◆ **EXERCISE BRIEF**:
Nothing outside the range is wanted. Repeat exactly the lines below from the one with "и др.). ЦЕЛЬ" through the one with "Physical location of".

◆ **INPUT FOR THIS TASK**:

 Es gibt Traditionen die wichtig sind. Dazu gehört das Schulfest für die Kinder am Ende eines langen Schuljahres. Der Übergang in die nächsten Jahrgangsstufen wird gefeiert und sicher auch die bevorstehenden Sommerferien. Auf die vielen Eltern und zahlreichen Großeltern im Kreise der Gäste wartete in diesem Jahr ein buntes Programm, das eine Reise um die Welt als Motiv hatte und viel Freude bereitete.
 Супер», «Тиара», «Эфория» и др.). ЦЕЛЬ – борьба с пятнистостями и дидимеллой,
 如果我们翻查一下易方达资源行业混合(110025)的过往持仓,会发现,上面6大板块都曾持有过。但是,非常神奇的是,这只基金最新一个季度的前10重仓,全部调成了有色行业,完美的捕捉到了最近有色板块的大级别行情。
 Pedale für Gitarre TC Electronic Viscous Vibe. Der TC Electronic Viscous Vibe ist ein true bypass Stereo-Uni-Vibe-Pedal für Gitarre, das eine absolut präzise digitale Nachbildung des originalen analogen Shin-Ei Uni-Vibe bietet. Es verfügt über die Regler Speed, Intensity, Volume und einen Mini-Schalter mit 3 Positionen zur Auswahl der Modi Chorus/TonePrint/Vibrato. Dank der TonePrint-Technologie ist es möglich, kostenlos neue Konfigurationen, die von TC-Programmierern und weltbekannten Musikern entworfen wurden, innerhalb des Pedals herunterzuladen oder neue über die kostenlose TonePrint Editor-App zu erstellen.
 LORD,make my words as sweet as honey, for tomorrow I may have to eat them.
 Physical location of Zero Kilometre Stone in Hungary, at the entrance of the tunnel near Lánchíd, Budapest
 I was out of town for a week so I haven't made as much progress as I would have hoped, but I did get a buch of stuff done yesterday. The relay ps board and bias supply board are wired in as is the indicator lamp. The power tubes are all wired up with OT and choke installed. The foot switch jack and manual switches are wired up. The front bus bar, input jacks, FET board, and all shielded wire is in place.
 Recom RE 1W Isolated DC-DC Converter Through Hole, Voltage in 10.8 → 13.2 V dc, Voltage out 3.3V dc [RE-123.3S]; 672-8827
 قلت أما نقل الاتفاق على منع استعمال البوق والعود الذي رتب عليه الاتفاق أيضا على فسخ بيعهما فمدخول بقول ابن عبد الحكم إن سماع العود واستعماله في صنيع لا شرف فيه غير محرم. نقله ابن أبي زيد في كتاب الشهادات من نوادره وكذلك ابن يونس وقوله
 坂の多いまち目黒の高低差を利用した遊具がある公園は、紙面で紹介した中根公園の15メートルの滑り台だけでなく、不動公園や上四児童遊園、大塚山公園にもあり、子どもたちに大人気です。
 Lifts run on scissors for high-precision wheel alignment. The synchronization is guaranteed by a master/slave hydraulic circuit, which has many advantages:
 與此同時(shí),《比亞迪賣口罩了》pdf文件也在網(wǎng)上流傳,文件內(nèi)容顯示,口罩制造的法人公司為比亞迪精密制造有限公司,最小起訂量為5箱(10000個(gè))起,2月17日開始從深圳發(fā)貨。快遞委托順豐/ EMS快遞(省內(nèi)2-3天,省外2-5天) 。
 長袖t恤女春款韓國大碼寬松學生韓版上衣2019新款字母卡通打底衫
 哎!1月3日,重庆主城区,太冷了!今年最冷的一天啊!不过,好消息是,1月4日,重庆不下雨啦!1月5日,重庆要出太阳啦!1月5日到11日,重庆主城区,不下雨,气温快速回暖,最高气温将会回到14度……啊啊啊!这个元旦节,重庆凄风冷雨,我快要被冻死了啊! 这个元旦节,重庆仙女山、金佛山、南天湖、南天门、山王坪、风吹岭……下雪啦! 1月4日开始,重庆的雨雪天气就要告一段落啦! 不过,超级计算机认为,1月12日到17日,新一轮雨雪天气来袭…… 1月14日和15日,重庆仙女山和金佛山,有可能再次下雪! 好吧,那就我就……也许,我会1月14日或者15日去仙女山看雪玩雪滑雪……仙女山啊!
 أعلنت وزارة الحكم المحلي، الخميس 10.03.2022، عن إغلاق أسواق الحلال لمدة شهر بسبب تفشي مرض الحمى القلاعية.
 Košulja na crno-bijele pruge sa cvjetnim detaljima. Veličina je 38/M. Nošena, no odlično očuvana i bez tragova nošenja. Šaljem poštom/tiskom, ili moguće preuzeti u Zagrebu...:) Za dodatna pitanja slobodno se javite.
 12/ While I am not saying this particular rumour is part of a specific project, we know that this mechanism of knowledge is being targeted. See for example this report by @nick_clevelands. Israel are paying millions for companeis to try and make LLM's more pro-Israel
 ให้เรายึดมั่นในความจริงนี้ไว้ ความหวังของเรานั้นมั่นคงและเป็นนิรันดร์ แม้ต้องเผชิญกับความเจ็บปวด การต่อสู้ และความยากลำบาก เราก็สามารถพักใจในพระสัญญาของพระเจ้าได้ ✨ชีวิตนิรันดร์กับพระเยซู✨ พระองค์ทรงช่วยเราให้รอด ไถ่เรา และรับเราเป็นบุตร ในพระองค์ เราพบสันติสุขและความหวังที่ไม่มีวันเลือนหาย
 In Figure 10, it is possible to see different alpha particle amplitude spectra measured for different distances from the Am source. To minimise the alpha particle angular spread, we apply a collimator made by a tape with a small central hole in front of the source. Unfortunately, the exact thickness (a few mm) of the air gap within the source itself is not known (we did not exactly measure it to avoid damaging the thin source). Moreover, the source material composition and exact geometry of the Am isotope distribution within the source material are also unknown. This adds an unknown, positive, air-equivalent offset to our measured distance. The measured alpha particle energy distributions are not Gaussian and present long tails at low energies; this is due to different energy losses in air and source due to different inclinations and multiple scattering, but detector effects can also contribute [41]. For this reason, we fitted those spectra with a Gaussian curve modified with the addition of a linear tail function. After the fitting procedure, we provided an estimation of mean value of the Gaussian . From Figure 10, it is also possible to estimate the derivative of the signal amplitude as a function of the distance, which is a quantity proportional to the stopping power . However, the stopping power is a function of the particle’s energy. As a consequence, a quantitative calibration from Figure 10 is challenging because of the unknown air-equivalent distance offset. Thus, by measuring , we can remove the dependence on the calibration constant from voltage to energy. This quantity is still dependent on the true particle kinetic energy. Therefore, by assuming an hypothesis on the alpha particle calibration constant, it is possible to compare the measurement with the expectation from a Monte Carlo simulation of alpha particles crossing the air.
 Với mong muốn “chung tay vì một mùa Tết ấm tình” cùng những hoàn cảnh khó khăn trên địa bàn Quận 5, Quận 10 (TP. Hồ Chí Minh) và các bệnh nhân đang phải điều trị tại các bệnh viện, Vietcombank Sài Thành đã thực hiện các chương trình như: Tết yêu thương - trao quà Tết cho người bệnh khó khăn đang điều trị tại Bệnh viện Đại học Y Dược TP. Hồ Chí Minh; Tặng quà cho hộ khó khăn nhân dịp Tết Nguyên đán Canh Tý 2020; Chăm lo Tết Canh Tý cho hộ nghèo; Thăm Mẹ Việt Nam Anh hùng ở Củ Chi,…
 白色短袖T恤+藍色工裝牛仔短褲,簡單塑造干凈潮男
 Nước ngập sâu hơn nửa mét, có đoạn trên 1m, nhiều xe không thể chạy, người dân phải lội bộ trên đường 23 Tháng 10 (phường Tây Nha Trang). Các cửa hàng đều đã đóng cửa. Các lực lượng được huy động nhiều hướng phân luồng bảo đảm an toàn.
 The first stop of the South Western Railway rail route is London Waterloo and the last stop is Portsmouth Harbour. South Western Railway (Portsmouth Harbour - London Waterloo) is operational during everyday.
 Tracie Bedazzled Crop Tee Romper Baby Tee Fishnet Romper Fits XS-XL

◆ **TASK OUTPUT**:
 Супер», «Тиара», «Эфория» и др.). ЦЕЛЬ – борьба с пятнистостями и дидимеллой,
 如果我们翻查一下易方达资源行业混合(110025)的过往持仓,会发现,上面6大板块都曾持有过。但是,非常神奇的是,这只基金最新一个季度的前10重仓,全部调成了有色行业,完美的捕捉到了最近有色板块的大级别行情。
 Pedale für Gitarre TC Electronic Viscous Vibe. Der TC Electronic Viscous Vibe ist ein true bypass Stereo-Uni-Vibe-Pedal für Gitarre, das eine absolut präzise digitale Nachbildung des originalen analogen Shin-Ei Uni-Vibe bietet. Es verfügt über die Regler Speed, Intensity, Volume und einen Mini-Schalter mit 3 Positionen zur Auswahl der Modi Chorus/TonePrint/Vibrato. Dank der TonePrint-Technologie ist es möglich, kostenlos neue Konfigurationen, die von TC-Programmierern und weltbekannten Musikern entworfen wurden, innerhalb des Pedals herunterzuladen oder neue über die kostenlose TonePrint Editor-App zu erstellen.
 LORD,make my words as sweet as honey, for tomorrow I may have to eat them.
 Physical location of Zero Kilometre Stone in Hungary, at the entrance of the tunnel near Lánchíd, Budapest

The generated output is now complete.